In his weekly radio address, Gov. John Baldacci pitched his $79 million job-creation bond package. Baldacci said the proposal currently before the Appropriations Committee would put 2,000 people back to work within the next year and help to protect the jobs of thousands of more workers.
It includes funds for highways, preservation of freight rail service in Aroostook County and other transportation and energy projects.
“I know that among some there is concern about borrowing right now, even for the worthy cause of creating jobs,” said Baldacci, who days earlier signed a bill that closes a $310 million budget gap. “But we cannot sit back and wait for the economy to improve. We must take appropriate action to make it happen.”

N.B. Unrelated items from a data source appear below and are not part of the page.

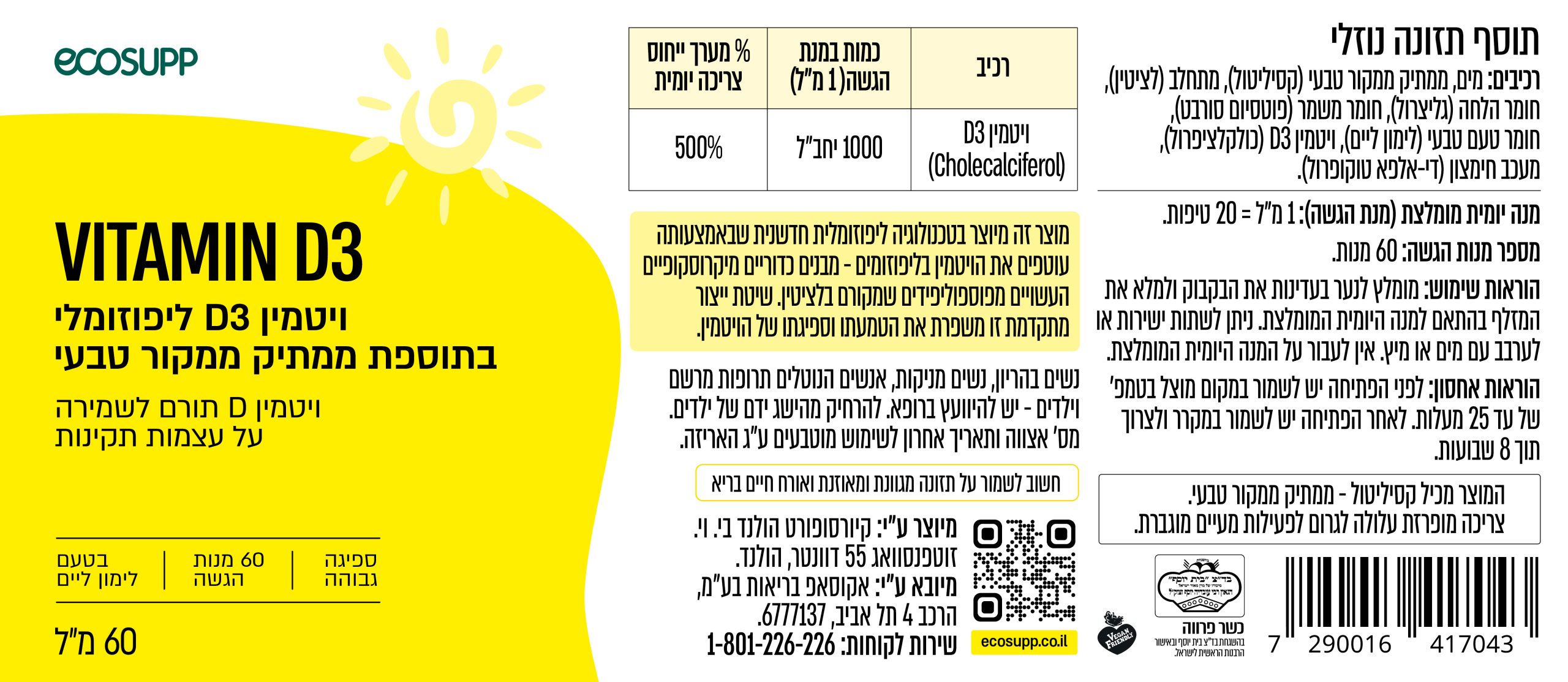 • ויטמין D3 טבעי ממקור צמחי, בטעם לימון ליים עדין
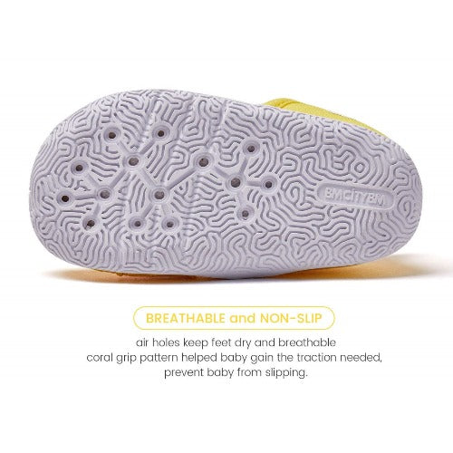 - Non-slip Soles: rubber soft spikes and sensory pods under outsoles prevent your child from slipping, help baby learn balance as their toes grip the ground
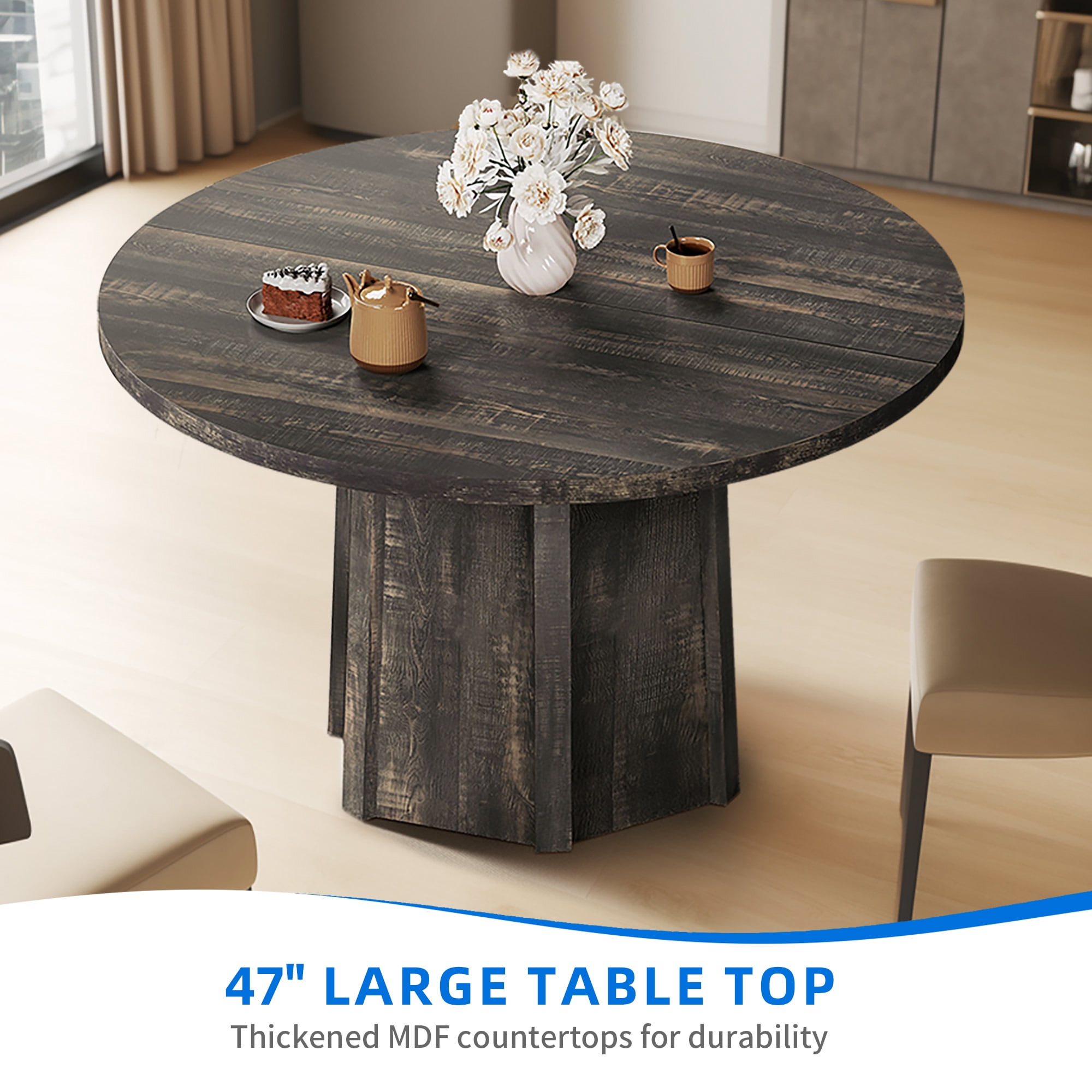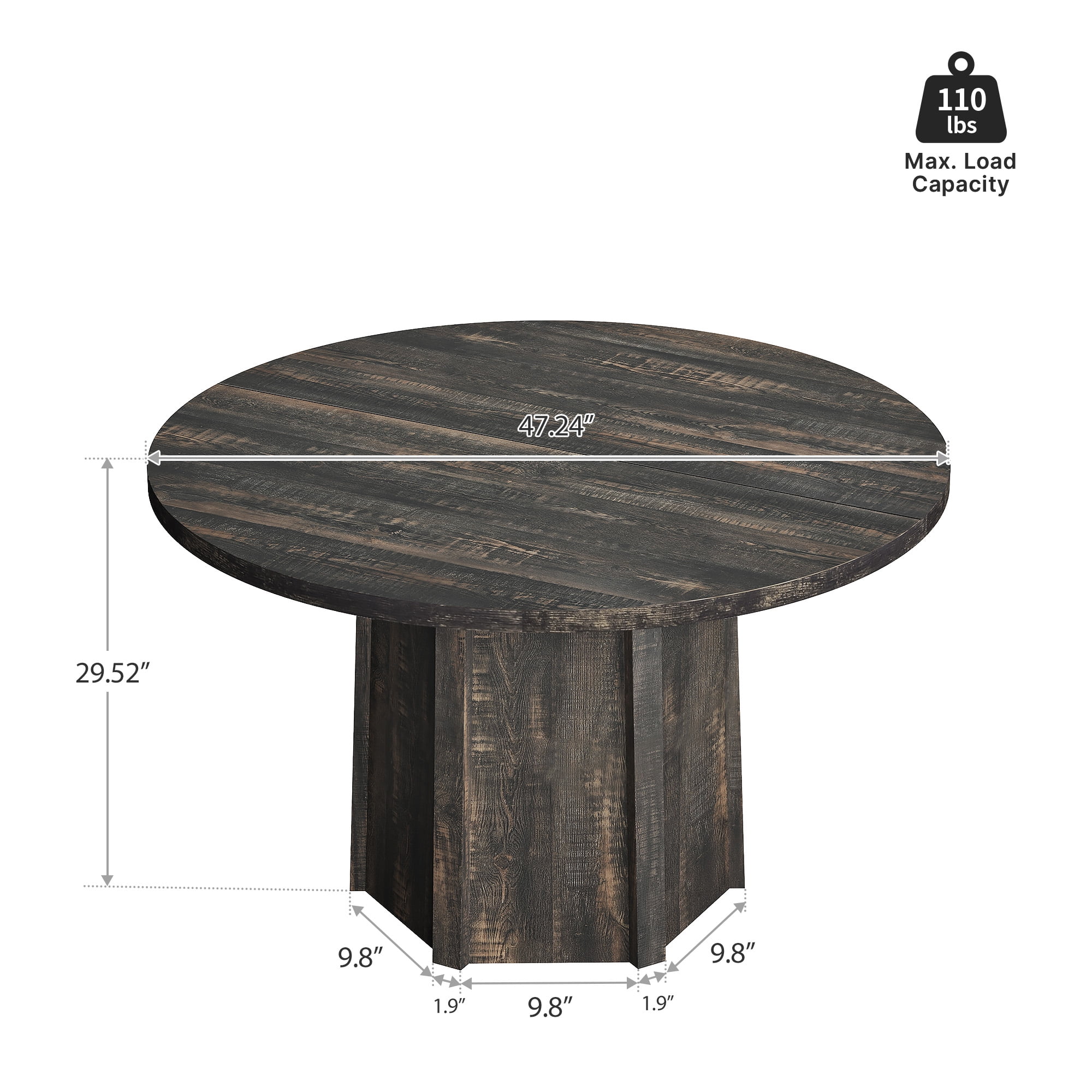 Introducing our 47″ Round Dining Table – a perfect addition to your industrial farmhouse or modern dining room. The 1.18″ thick wood grain tabletop provides ample space to accommodate up to 4-6 people for meals or family gatherings. The rustic design of the table is accentuated by the unique hexagonal base, which not only looks great, but also provides sturdy support. The table is made of high-quality materials, ensuring durability and longevity. Whether you’re serving dinner, hosting guests, or simply enjoying a cup of coffee, this modern dining table is the perfect centerpiece for your space. Upgrade your dining area today with our stylish and functional 47″ Round Dining Table. SPECIFICATIONS: Dimensions: 47.24″D x 47.24″W x 29.54″H Material: Engineered Wood Color:Rustic Gray Item Weight: 72.31 pounds Style: Farmhouse,Rustic,Modern Package Included: 1 x Round Dining Table 1 x Instructions Manual
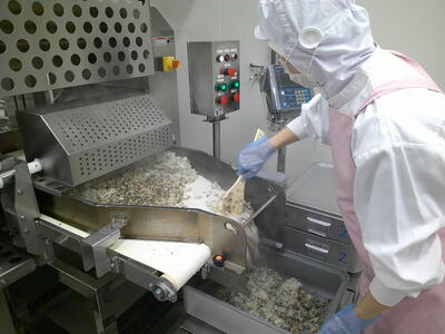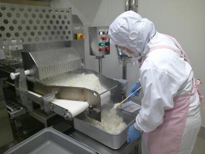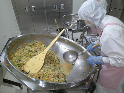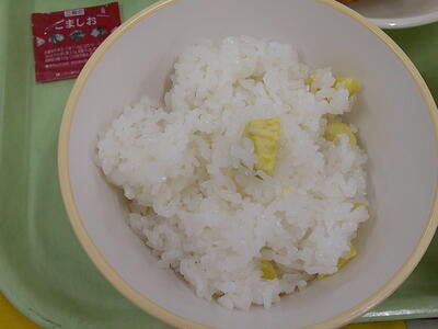 給食では、愛媛県産の栗を使用しました。給食室のコンベクションオーブンで蒸かして、炊きたての「おこわ」にさっくり混ぜ合わせましたキラキラごま塩を加減してふり、栗の味や風味を味わいながら食べましょう笑う
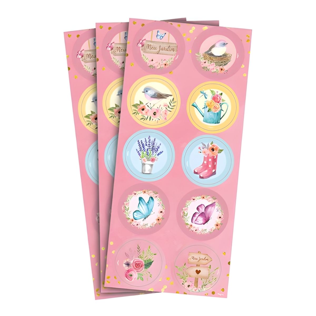 O Adesivo Redondo - Meu Jardim - 4x4cm é uma opção delicada e encantadora para personalizar lembrancinhas, embalagens e convites com o tema natureza. O conjunto vem com 30 adesivos, divididos em 3 cartelas com 10 unidades cada, todos estampados com elementos fofos como borboletas, passarinhos, flores e folhagens, perfeitos para compor uma decoração leve e alegre.

In the GOP response, House Minority Leader Josh Tardy of Newport said this is the wrong time for the state to take on more debt.
In addition to Baldacci’s bond proposal, Senate President Elizabeth “Libby” Mitchell of Vassalboro, one of five Democratic gubernatorial hopefuls, proposed a $99 million bond package.
Tardy said Democrats and Republicans agreed last spring to a $150 million bond package to span the current two-year budget cycle. The first $71 million was approved in November and the rest goes before voters this June and November.
“Even before those new bonds have been issued or given a chance to work, the Democrats are back demanding more,” Tardy said. “You remember the infamous stimulus program of about $800 billion. Imagine if Washington politicians had proposed another $400 billion stimulus a month later, before the first one had a chance to kick in. That’s what is happening in Augusta.”
Tardy said Republicans believe Mainers “cannot be buried deeper and deeper in debt,” which he contended now stands at $11.5 billion.